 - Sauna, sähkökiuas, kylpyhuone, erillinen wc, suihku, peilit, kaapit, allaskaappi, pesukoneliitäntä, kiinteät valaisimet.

---

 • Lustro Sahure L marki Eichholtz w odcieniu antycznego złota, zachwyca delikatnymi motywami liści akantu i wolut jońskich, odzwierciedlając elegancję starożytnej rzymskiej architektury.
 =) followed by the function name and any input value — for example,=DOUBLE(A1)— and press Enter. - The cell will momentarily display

* * *

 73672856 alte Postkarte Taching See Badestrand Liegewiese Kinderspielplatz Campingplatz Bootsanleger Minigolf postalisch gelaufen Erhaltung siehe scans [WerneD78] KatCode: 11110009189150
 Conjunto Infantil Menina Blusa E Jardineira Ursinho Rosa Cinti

**Exercise aim**
For the lines above, output exactly those from the line containing "73672856 alte Postkarte" through the line containing "Conjunto Infantil Menina", and skip the others.

**Answer to the exercise**
 73672856 alte Postkarte Taching See Badestrand Liegewiese Kinderspielplatz Campingplatz Bootsanleger Minigolf postalisch gelaufen Erhaltung siehe scans [WerneD78] KatCode: 11110009189150
 Conjunto Infantil Menina Blusa E Jardineira Ursinho Rosa Cinti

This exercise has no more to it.